De petite taille, le teint clair, les lunettes bien ajustées sur le visage, Pa Diossy, toujours d'une humeur taquine, ne passe pas inaperçu dans son quartier de la rue Raffenel, en plein centre-ville de Dakar.
La configuration des maisons qu'il fait découvrir aux visiteurs de circonstance est restée authentique malgré le poids des années, en dépit de certaines modifications.
Derrière lui, une porte s'ouvre sur une grande surface constituée de concessions construites en dur et surplombées de toitures en ardoise.
Devant des chambres et appartements construits séparément, des femmes sont en train de s'affairer à leurs tâches quotidiennes.
Pa Diossy passe à côté d'un jeune homme en train de balayer la devanture d'un bâtiment et qu'il présente comme son neveu, avant d'emprunter un couloir sinueux menant à ses appartements privés.
« C'est une joie d'être né et d'avoir grandi dans un penc, car tout le monde se connaît. Des plus âgés aux plus jeunes, tout le monde cohabite ensemble. Un environnement propice à une transmission du legs ancestral de génération en génération », confie le notable.
Il connaît forcément bien Dakar-Plateau, pour avoir grandi à Mbot. « Lorsque j'étais petit dans les années 50, raconte Pa Diossy, je jouais avec mes camarades à l'emplacement du marché Sandaga ».
Pa Diossy, né d'un père infirmier et d'une mère native du « penc » de Mbot. C'est donc avec nostalgie qu'il raconte sa jeunesse dans les années 1950, quand il jouait avec ses camarades sur le site de Sandaga, au coeur de Dakar.
« Ma mère est née à la rue Thiong. Je quittais souvent Hock à Colobane où je suis né pour venir à Mbot dans ma famille maternelle, et j'ai fini par m'installer ici », confie-t-il.
Selon lui, le terme penc de « Mbot » vient du mot wolof « bott » désignant un figuier sauvage qui se trouvait sur le site du siège actuel de la Banque centrale des États de l'Afrique de l'Ouest (BCEAO), sur la grande avenue du centenaire.
Il en est de même pour Tieudème, Gouye Salane, Yakke Dieuf, soutient Diossy Mbengue, selon qui ces « penc » ont été déplacés un peu plus bas du centre-ville par les colonisateurs français qui cherchaient plus de calme.

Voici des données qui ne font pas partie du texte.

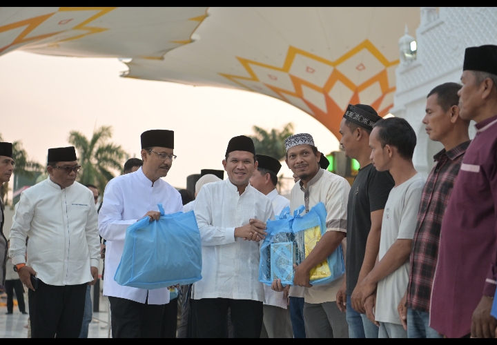 Banda Aceh – Menteri Dalam Negeri Muhammad Tito Karnavian bersama Menteri Sosial Saifullah Yusuf menghadiri buka puasa bersama di halaman Masjid Raya Baiturrahman, Banda Aceh, Jumat (6/3/2026).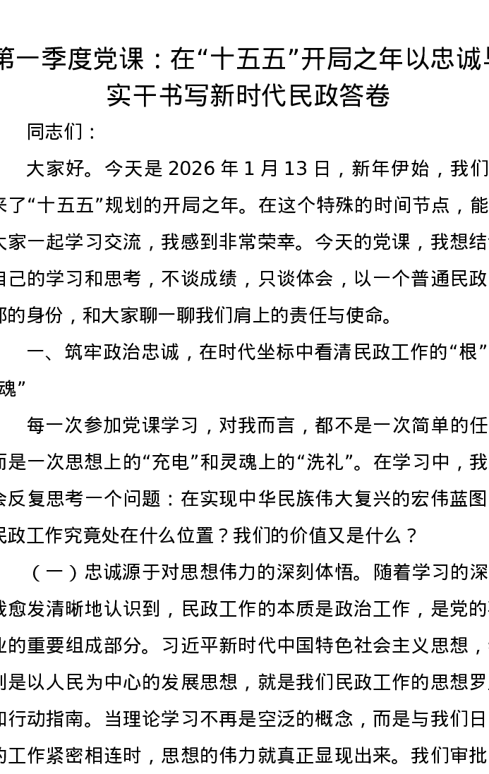 第一季度党课:在十五五开局之年 以忠诚与实干书写新时代民政答卷

Ils ont donc négocié avec les notables lébou afin de les déplacer pour construire des bâtiments administratifs.
« Ma grand-mère m'a raconté qu'il y avait, non loin de l'actuelle Place de l'Indépendance, de nombreux figuiers sauvages, et elle allait y chercher du bois pour cuisiner », se remémore le septuagénaire.
La perpétuation d'un legs ancestral
D'après Diossy Mbengue, il existe toute une légende à propos de cette forêt de « bott » dont l'histoire du fameux fromager de Mbot que l'ancien agent commercial peut apercevoir de loin à partir de sa chambre.
« Regardez, il (l'arbre) est là-bas », pointe-t-il du doigt, pour désigner deux arbres, un petit et un grand, collés l'un à l'autre et qui « ont poussé ensemble », renseigne-t-il.
Une « chose extraordinaire » se passe lorsqu' arrive la saison des feuilles mortes. « Les feuilles du plus petit arbre tombent avant que celles du grand arbre ne prennent le relais et tombent à leur tour », raconte-t-il.
Volontiers, il conduit les visiteurs du jour vers le fromager et montre les traces du sang qui y a coulé en 1914, »suite à un coup de sabre frappé par Jaaraf Farba Paye qui refusait de quitter les lieux sous la pression des colons. À la vue du sang, ces derniers ont eu peur et se sont enfuis », raconte le gardien du temple.
Le fromager est toujours là, imposant et plein de majesté, malgré les années et le désordre caractérisant désormais le cadre de vie de la capitale sénégalaise et de son centre-ville, avec ces nombreux petits commerces installés partout.
Un autre arbre, non moins symbolique, se trouve dans les environs. Il est toujours debout, au sein d'une mosquée dont le bâtiment ne présente jusque-là aucune fissure.
« Beaucoup de gens viennent prier ici et je ne saurais vous dire tous les miracles liés à ces deux arbres », conclut Pa Diossy, qui redit à qui veut l'entendre sa volonté de contribuer à perpétuer le legs de ses ancêtres.
Pour ce faire, sur le plan personnel, il continue de rendre visite chaque dimanche à un de ses enfants, une occasion pour réunir ses enfants et petits-enfants pour leur conter l'histoire de leurs aïeux.